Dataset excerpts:
★ ★ ★
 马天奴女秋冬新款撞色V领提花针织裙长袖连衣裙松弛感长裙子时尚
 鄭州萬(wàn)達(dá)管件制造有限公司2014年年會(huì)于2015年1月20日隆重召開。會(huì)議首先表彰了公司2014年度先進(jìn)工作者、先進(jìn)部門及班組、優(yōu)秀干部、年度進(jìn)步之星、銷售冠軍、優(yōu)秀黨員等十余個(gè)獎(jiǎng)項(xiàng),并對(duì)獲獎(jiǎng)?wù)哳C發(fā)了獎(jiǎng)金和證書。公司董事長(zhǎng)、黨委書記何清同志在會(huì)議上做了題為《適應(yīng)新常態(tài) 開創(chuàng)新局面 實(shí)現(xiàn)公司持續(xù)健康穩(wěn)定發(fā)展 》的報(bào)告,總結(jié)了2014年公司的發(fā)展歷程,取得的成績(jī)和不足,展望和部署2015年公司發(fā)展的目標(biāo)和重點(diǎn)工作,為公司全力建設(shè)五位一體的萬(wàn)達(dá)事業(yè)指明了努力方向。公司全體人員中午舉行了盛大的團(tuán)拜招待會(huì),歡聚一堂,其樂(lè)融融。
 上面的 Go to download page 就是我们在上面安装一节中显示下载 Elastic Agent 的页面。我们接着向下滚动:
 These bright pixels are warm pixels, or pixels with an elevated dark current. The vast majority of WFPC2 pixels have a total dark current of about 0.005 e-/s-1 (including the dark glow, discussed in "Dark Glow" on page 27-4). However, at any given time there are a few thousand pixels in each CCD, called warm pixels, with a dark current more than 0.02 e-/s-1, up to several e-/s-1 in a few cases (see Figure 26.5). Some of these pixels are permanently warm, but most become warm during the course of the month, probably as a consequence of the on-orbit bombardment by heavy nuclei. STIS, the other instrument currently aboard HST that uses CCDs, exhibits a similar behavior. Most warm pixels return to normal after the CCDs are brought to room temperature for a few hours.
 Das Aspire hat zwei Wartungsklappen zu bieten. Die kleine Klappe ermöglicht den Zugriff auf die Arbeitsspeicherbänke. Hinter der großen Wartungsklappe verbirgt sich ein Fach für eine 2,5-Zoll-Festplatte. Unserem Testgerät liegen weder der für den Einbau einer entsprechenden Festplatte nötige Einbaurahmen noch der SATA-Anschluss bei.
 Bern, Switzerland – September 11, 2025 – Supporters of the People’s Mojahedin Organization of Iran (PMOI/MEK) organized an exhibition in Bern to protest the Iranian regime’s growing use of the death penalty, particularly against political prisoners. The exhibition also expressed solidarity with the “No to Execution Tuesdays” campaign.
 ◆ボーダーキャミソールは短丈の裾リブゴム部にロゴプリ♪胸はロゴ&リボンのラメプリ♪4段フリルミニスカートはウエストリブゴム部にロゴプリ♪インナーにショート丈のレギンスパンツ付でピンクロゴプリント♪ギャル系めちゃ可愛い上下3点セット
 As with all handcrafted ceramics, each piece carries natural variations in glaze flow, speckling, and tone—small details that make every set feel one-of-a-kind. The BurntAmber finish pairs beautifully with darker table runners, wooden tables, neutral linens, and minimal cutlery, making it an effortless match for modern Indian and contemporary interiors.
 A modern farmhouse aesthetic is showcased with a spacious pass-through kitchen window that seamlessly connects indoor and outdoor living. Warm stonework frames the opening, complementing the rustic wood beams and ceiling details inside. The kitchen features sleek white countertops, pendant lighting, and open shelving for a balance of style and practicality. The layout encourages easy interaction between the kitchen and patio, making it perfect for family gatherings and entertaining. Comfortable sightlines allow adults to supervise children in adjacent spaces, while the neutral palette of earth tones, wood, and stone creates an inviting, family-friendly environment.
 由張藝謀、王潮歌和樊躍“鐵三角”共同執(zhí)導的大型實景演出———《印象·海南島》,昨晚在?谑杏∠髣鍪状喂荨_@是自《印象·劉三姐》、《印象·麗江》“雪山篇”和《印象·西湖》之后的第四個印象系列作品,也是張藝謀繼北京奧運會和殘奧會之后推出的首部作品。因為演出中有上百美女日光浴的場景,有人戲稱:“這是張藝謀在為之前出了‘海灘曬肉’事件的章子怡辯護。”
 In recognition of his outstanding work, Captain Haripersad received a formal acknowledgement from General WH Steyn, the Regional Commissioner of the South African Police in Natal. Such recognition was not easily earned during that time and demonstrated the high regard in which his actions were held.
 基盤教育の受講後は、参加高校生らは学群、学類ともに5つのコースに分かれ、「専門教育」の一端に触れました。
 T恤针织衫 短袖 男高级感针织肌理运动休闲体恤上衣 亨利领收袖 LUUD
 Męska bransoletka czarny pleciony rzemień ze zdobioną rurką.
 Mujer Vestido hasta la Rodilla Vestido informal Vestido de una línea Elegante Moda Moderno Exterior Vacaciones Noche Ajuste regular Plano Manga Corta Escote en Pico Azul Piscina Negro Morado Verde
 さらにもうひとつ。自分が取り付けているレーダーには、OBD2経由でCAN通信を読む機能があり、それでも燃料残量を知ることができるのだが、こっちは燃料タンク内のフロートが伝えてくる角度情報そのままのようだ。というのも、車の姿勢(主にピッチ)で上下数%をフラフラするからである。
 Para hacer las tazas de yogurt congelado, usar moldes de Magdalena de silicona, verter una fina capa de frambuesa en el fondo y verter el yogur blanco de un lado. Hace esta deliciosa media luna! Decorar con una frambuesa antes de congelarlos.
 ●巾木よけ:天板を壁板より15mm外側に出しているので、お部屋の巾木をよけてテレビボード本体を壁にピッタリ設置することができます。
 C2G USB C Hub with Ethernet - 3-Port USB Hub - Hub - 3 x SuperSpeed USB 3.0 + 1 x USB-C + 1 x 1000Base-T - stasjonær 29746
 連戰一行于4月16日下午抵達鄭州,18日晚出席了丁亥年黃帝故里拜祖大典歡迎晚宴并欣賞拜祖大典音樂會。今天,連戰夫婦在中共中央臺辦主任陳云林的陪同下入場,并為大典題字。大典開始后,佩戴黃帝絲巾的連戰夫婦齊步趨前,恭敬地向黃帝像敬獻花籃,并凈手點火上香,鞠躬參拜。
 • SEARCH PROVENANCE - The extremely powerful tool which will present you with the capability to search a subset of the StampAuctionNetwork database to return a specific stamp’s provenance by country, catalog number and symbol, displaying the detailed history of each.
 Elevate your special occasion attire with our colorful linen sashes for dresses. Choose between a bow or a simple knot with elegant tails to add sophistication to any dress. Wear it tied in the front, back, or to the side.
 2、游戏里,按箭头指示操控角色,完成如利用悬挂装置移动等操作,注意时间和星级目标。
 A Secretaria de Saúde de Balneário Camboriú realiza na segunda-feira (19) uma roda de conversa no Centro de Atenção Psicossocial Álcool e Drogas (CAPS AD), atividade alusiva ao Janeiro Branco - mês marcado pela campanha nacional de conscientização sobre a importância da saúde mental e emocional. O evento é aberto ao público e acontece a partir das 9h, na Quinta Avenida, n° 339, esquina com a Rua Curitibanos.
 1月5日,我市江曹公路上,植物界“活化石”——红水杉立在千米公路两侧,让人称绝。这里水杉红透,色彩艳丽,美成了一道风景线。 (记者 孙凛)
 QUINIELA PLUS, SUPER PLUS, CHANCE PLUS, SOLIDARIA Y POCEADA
★ ★ ★
Work task:
Now that the records have been shown, restate each one word for word.

Solution for this task:
 马天奴女秋冬新款撞色V领提花针织裙长袖连衣裙松弛感长裙子时尚
 鄭州萬(wàn)達(dá)管件制造有限公司2014年年會(huì)于2015年1月20日隆重召開。會(huì)議首先表彰了公司2014年度先進(jìn)工作者、先進(jìn)部門及班組、優(yōu)秀干部、年度進(jìn)步之星、銷售冠軍、優(yōu)秀黨員等十余個(gè)獎(jiǎng)項(xiàng),并對(duì)獲獎(jiǎng)?wù)哳C發(fā)了獎(jiǎng)金和證書。公司董事長(zhǎng)、黨委書記何清同志在會(huì)議上做了題為《適應(yīng)新常態(tài) 開創(chuàng)新局面 實(shí)現(xiàn)公司持續(xù)健康穩(wěn)定發(fā)展 》的報(bào)告,總結(jié)了2014年公司的發(fā)展歷程,取得的成績(jī)和不足,展望和部署2015年公司發(fā)展的目標(biāo)和重點(diǎn)工作,為公司全力建設(shè)五位一體的萬(wàn)達(dá)事業(yè)指明了努力方向。公司全體人員中午舉行了盛大的團(tuán)拜招待會(huì),歡聚一堂,其樂(lè)融融。
 上面的 Go to download page 就是我们在上面安装一节中显示下载 Elastic Agent 的页面。我们接着向下滚动:
 These bright pixels are warm pixels, or pixels with an elevated dark current. The vast majority of WFPC2 pixels have a total dark current of about 0.005 e-/s-1 (including the dark glow, discussed in "Dark Glow" on page 27-4). However, at any given time there are a few thousand pixels in each CCD, called warm pixels, with a dark current more than 0.02 e-/s-1, up to several e-/s-1 in a few cases (see Figure 26.5). Some of these pixels are permanently warm, but most become warm during the course of the month, probably as a consequence of the on-orbit bombardment by heavy nuclei. STIS, the other instrument currently aboard HST that uses CCDs, exhibits a similar behavior. Most warm pixels return to normal after the CCDs are brought to room temperature for a few hours.
 Das Aspire hat zwei Wartungsklappen zu bieten. Die kleine Klappe ermöglicht den Zugriff auf die Arbeitsspeicherbänke. Hinter der großen Wartungsklappe verbirgt sich ein Fach für eine 2,5-Zoll-Festplatte. Unserem Testgerät liegen weder der für den Einbau einer entsprechenden Festplatte nötige Einbaurahmen noch der SATA-Anschluss bei.
 Bern, Switzerland – September 11, 2025 – Supporters of the People’s Mojahedin Organization of Iran (PMOI/MEK) organized an exhibition in Bern to protest the Iranian regime’s growing use of the death penalty, particularly against political prisoners. The exhibition also expressed solidarity with the “No to Execution Tuesdays” campaign.
 ◆ボーダーキャミソールは短丈の裾リブゴム部にロゴプリ♪胸はロゴ&リボンのラメプリ♪4段フリルミニスカートはウエストリブゴム部にロゴプリ♪インナーにショート丈のレギンスパンツ付でピンクロゴプリント♪ギャル系めちゃ可愛い上下3点セット
 As with all handcrafted ceramics, each piece carries natural variations in glaze flow, speckling, and tone—small details that make every set feel one-of-a-kind. The BurntAmber finish pairs beautifully with darker table runners, wooden tables, neutral linens, and minimal cutlery, making it an effortless match for modern Indian and contemporary interiors.
 A modern farmhouse aesthetic is showcased with a spacious pass-through kitchen window that seamlessly connects indoor and outdoor living. Warm stonework frames the opening, complementing the rustic wood beams and ceiling details inside. The kitchen features sleek white countertops, pendant lighting, and open shelving for a balance of style and practicality. The layout encourages easy interaction between the kitchen and patio, making it perfect for family gatherings and entertaining. Comfortable sightlines allow adults to supervise children in adjacent spaces, while the neutral palette of earth tones, wood, and stone creates an inviting, family-friendly environment.
 由張藝謀、王潮歌和樊躍“鐵三角”共同執(zhí)導的大型實景演出———《印象·海南島》,昨晚在?谑杏∠髣鍪状喂荨_@是自《印象·劉三姐》、《印象·麗江》“雪山篇”和《印象·西湖》之后的第四個印象系列作品,也是張藝謀繼北京奧運會和殘奧會之后推出的首部作品。因為演出中有上百美女日光浴的場景,有人戲稱:“這是張藝謀在為之前出了‘海灘曬肉’事件的章子怡辯護。”
 In recognition of his outstanding work, Captain Haripersad received a formal acknowledgement from General WH Steyn, the Regional Commissioner of the South African Police in Natal. Such recognition was not easily earned during that time and demonstrated the high regard in which his actions were held.
 基盤教育の受講後は、参加高校生らは学群、学類ともに5つのコースに分かれ、「専門教育」の一端に触れました。
 T恤针织衫 短袖 男高级感针织肌理运动休闲体恤上衣 亨利领收袖 LUUD
 Męska bransoletka czarny pleciony rzemień ze zdobioną rurką.
 Mujer Vestido hasta la Rodilla Vestido informal Vestido de una línea Elegante Moda Moderno Exterior Vacaciones Noche Ajuste regular Plano Manga Corta Escote en Pico Azul Piscina Negro Morado Verde
 さらにもうひとつ。自分が取り付けているレーダーには、OBD2経由でCAN通信を読む機能があり、それでも燃料残量を知ることができるのだが、こっちは燃料タンク内のフロートが伝えてくる角度情報そのままのようだ。というのも、車の姿勢(主にピッチ)で上下数%をフラフラするからである。
 Para hacer las tazas de yogurt congelado, usar moldes de Magdalena de silicona, verter una fina capa de frambuesa en el fondo y verter el yogur blanco de un lado. Hace esta deliciosa media luna! Decorar con una frambuesa antes de congelarlos.
 ●巾木よけ:天板を壁板より15mm外側に出しているので、お部屋の巾木をよけてテレビボード本体を壁にピッタリ設置することができます。
 C2G USB C Hub with Ethernet - 3-Port USB Hub - Hub - 3 x SuperSpeed USB 3.0 + 1 x USB-C + 1 x 1000Base-T - stasjonær 29746
 連戰一行于4月16日下午抵達鄭州,18日晚出席了丁亥年黃帝故里拜祖大典歡迎晚宴并欣賞拜祖大典音樂會。今天,連戰夫婦在中共中央臺辦主任陳云林的陪同下入場,并為大典題字。大典開始后,佩戴黃帝絲巾的連戰夫婦齊步趨前,恭敬地向黃帝像敬獻花籃,并凈手點火上香,鞠躬參拜。
 • SEARCH PROVENANCE - The extremely powerful tool which will present you with the capability to search a subset of the StampAuctionNetwork database to return a specific stamp’s provenance by country, catalog number and symbol, displaying the detailed history of each.
 Elevate your special occasion attire with our colorful linen sashes for dresses. Choose between a bow or a simple knot with elegant tails to add sophistication to any dress. Wear it tied in the front, back, or to the side.
 2、游戏里,按箭头指示操控角色,完成如利用悬挂装置移动等操作,注意时间和星级目标。
 A Secretaria de Saúde de Balneário Camboriú realiza na segunda-feira (19) uma roda de conversa no Centro de Atenção Psicossocial Álcool e Drogas (CAPS AD), atividade alusiva ao Janeiro Branco - mês marcado pela campanha nacional de conscientização sobre a importância da saúde mental e emocional. O evento é aberto ao público e acontece a partir das 9h, na Quinta Avenida, n° 339, esquina com a Rua Curitibanos.
 1月5日,我市江曹公路上,植物界“活化石”——红水杉立在千米公路两侧,让人称绝。这里水杉红透,色彩艳丽,美成了一道风景线。 (记者 孙凛)
 QUINIELA PLUS, SUPER PLUS, CHANCE PLUS, SOLIDARIA Y POCEADA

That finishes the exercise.